GSI Pinnacle Dualist Cook Kit, is Light and Strong
The GSI Outdoors products lightweight Pinnacle Dualist cooking kit, offers some great features to consider for your next backcountry trek. It’s light, sturdy, and self-contained. The Pinnacles Dualist takes up minimal room in your backpack, cleans up efficiently in the field, and endures the dishwasher with no problem.
This two-person cook kit is fashioned from hard anodized aluminum and weighs in at 20.7 ounces. It’s entirely self-contained in its own seam welded carry sack that doubles as a water basin. The carry sack has self-supporting side walls so you can even store stream water at your campsite for disinfection or to fill up your water bottles for the trail.
We took the GSI Pinnacle Dualist cook set on several overnight treks and used it both as a solo kit and a two-person kit. Since this writer tends to use boiling water for most food preparation and disinfecting water supplies, the GSI Pinnacle Dualist was a great fit.
The primary 1.8-liter pot offered plenty of capacity. A folding pot handle makes dealing with hot water and gas-stoves safe, and the handle also serves to lock in the entire cook kit for transportation. A crush proof pot lid, made with BPA-Free resin, keeps its shape regardless of the potentially deforming pressure sometimes exerted by other gear while inside the pack on the trail. Engineered into the pot lid are vent holes, allowing steam to escape and giving you the ability to pour off excess water without spilling. A tab-handle at the top of the lid allows you to safely grasp it while your other hand is controlling the pot by the handle. GSI cautions you to always point the vent holes away from the handle and your body, to avoid contact with the steam exiting the side of the lid.
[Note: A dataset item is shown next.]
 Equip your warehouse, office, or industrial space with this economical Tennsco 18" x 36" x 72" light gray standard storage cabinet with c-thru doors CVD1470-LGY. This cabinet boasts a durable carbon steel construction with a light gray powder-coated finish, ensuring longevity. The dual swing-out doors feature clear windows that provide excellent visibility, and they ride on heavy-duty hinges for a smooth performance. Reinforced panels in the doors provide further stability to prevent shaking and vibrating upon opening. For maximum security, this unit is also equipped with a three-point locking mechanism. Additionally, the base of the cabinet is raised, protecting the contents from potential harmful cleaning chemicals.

Two 20 fluid ounce insulated mugs, worked well for coffee, hot chocolate, and simply as water cups while hanging out at a bivouac site. Two 20 ounce bowls also come with sip-it lids to contain sloshing contents. One pair of sip-it lids, and one pair of insulation bands work equally well for the cups and the bowls. If there are two in your party, you each have to choose whether to use the insulation band on your cup or your bowl. But if you use this kit as a solo cooking set, (minus a cup and bowl) the band can be used on each.
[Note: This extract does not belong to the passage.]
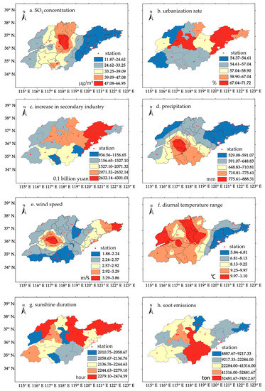 From the Shandong Provincial Bureau of Statistics, we retrieved yearly data on the urbanization rate and increases in secondary industry and soot emissions. We also retrieved the daily data on the temperature range and sunshine hours from the China Meteorological Data Network. Figure 2 shows the distributions of SO2, the urbanization rate, secondary industry, precipitation, wind speed, diurnal temperature range, sunshine duration, and soot emissions in Shandong. The quarterly and annual data related to the influencing factors were calculated and used in the research.

Two dual-purpose eating utensils, called “Foons” are collapsible and fit nicely inside the Dualist kit. At first, these multi-tasking fork/spoon devices appeared fragile. But at no time did they ever fail. Regardless of how well an eating implement is cared for on a backcountry trip, they still go into the dishwasher to ensure any bacteria or microbes are killed. Fortunately, the GSI Foons held up here as well.
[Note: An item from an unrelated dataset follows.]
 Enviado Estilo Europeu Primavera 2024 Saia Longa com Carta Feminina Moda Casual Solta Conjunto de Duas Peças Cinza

In general, we found the GSI Pinnacle Dualist cook set excellent for ultra-light backpacking or long-day hikes where it’s nice to cook a lunch and have some coffee or tea. GSI now offers an even lighter version of this cooking system in the Halulite Microdualist, that weighs 17.8 ounces, but the kit components are similar, including the low center-of-gravity bowls and mugs. The weight difference comes from the use of GSI’s proprietary Halulite alloy that is light as titanium. Between the two kit alloys and the weight difference of about three ounces, we are indifferent. The Pinnacle Dualist worked just fine for us, both as a compact cooking system and a piece of gear that appears to be well thought out.